If a student in one of these programs says in a weekly survey that he or she does not feel supported in class, particularly if that answer stays the same for more than a couple weeks in a row, Trilogy leaders can predict that that student won’t complete the program. The biggest determinant of a student’s success, according to Luyen Chou, Trilogy’s chief product officer, is low support. And that lack of support, if not addressed, means no graduation.

“We know it almost with a metaphysical certainty,” Chou said.

Trilogy’s certainty has been nearly 3 million data points in the making. Every week, students submit feedback about the course and how it’s going. Early on, this survey was longer and Trilogy collected data on more than a dozen different metrics, but over the last few years it has become clear what matters most. Six metrics drive student success, and Trilogy pays close attention to them, tweaking courses constantly to make sure students stay on track.

Each week, students answer questions about how clear the instruction was, how they feel about the pace of the course, how knowledgeable the instructor was that week, how strong their sense of mastery was, and whether they feel supported as a student, among other things.

“We instantly offer help,” Chou said, “either to coach the student or the instructor.”

Trilogy’s instructors are industry experts, not veteran educators. Across four certificate programs – web development (coding), data analytics, UX/UI (user experience and user interface design) and cybersecurity – they follow Trilogy’s curriculum, which is tailored to the local workforce needs near each university and, based on feedback from students, instructors and employers, adjusted to virtually guarantee strong outcomes.

Trilogy has made more than 650,000 changes to its curricula based on this feedback.

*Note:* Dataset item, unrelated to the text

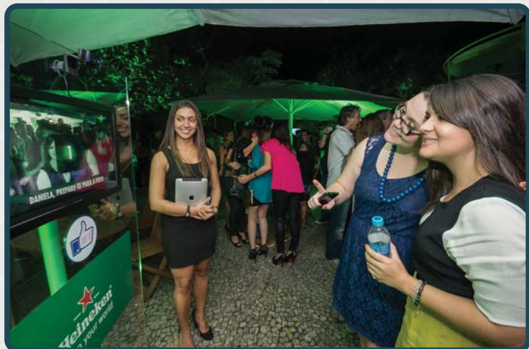
Portabilidade, Facilidade e Sutileza Visual

And that, Chou is convinced, is a big part of why more than 90 percent of students graduate.

Chou got his start in K-12 education, working as a classroom teacher and then school administrator before working in education software development and ultimately rising through the ranks at Pearson. At Trilogy, Chou sees data being used to inform the curriculum and student support as he never saw in the K-12 world. But that doesn’t mean K-12 schools can’t do the same.

Many schools and districts collect even more data than Trilogy has. With the right analysis, teachers and administrators can discover similar correlations between things like student support and course completion. The problem, as Chou sees it, is disagreement over what outcome is most important. At Trilogy, it’s graduation and eventual job placement. But in K-12 schools, educators can choose to focus on student mastery of more than 100 different standards, student performance on a range of assessments, graduation rates, college-going rates, and on and on.

“That is much harder than, ‘Did someone get a job?’” Chou said.

But he believes the lessons learned at Trilogy are transferrable. Paying attention to data, finding correlations between the data and student outcomes, and acting on that knowledge can be helpful in whatever educational context these skills are applied.